Work order:
This exercise calls for the whole listing to be given again exactly, without images.

Information provided:

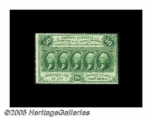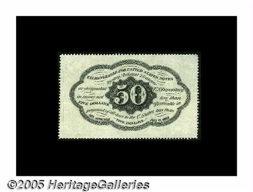 <B>Fr. 1311 Milton 1R50.2a 50¢ First Issue Very Choice New.</B></I> Excellent original paper surfaces and full, deep perforations all the way around highlight this bright, well-printed, rare note. The back centering is perfect, and the face centering is irregular, with small, medium and large margins, the smallest of which touches the frame line but is clear of the design. Very rare in this grade.
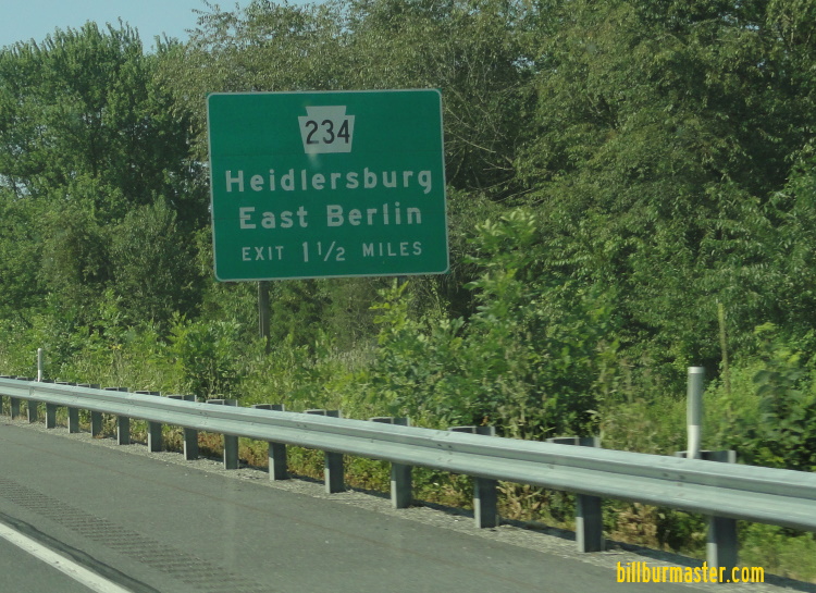 Pennsylvania State Route 234 is an east-west highway across Central Adams County. It runs from U.S. Rt. 30 , near Cashtown, to the York/Adams County Line, near East Berlin. PA St Rt 234 passes through the following towns in Adams County. Arendtsville Biglerville Heidlersburg East Berlin PA St Rt 234 is not multi-plexed in Adams County. PA St Rt 234 intersects the following highways in Adams County. U.S. Rt. 30, near Cashtown. Pennsylvania State Route 394, at Biglerville. Pennsylvania State Route 34, near Guernsety. U.S. Rt. 15, Heildersburg. Pennsylvania State Route 94, near Hampton. Pennsylvania State Route 194, at East Berlin.
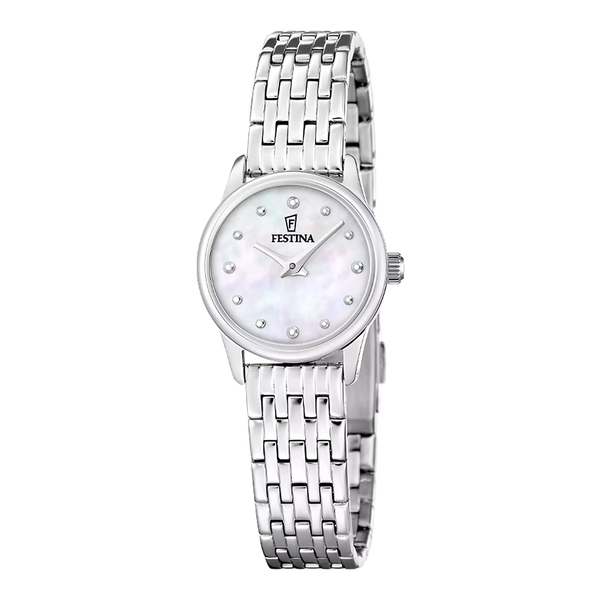 Orologio da donna Festina con cassa rotonda in acciaio inossidabile di diametro 23 mm e spessore 7,4 mm, quadrante madreperla con vetro minerale. Cinturino in acciaio inossidabile grigio con chiusura apribile. Movimento al quarzo Miyota 2025. Resistenza all'acqua fino a 5 atm. Articolo completo di scatola e garanzia.

Reply to the exercise:
 <B>Fr. 1311 Milton 1R50.2a 50¢ First Issue Very Choice New.</B></I> Excellent original paper surfaces and full, deep perforations all the way around highlight this bright, well-printed, rare note. The back centering is perfect, and the face centering is irregular, with small, medium and large margins, the smallest of which touches the frame line but is clear of the design. Very rare in this grade.
 Pennsylvania State Route 234 is an east-west highway across Central Adams County. It runs from U.S. Rt. 30 , near Cashtown, to the York/Adams County Line, near East Berlin. PA St Rt 234 passes through the following towns in Adams County. Arendtsville Biglerville Heidlersburg East Berlin PA St Rt 234 is not multi-plexed in Adams County. PA St Rt 234 intersects the following highways in Adams County. U.S. Rt. 30, near Cashtown. Pennsylvania State Route 394, at Biglerville. Pennsylvania State Route 34, near Guernsety. U.S. Rt. 15, Heildersburg. Pennsylvania State Route 94, near Hampton. Pennsylvania State Route 194, at East Berlin.
 Orologio da donna Festina con cassa rotonda in acciaio inossidabile di diametro 23 mm e spessore 7,4 mm, quadrante madreperla con vetro minerale. Cinturino in acciaio inossidabile grigio con chiusura apribile. Movimento al quarzo Miyota 2025. Resistenza all'acqua fino a 5 atm. Articolo completo di scatola e garanzia.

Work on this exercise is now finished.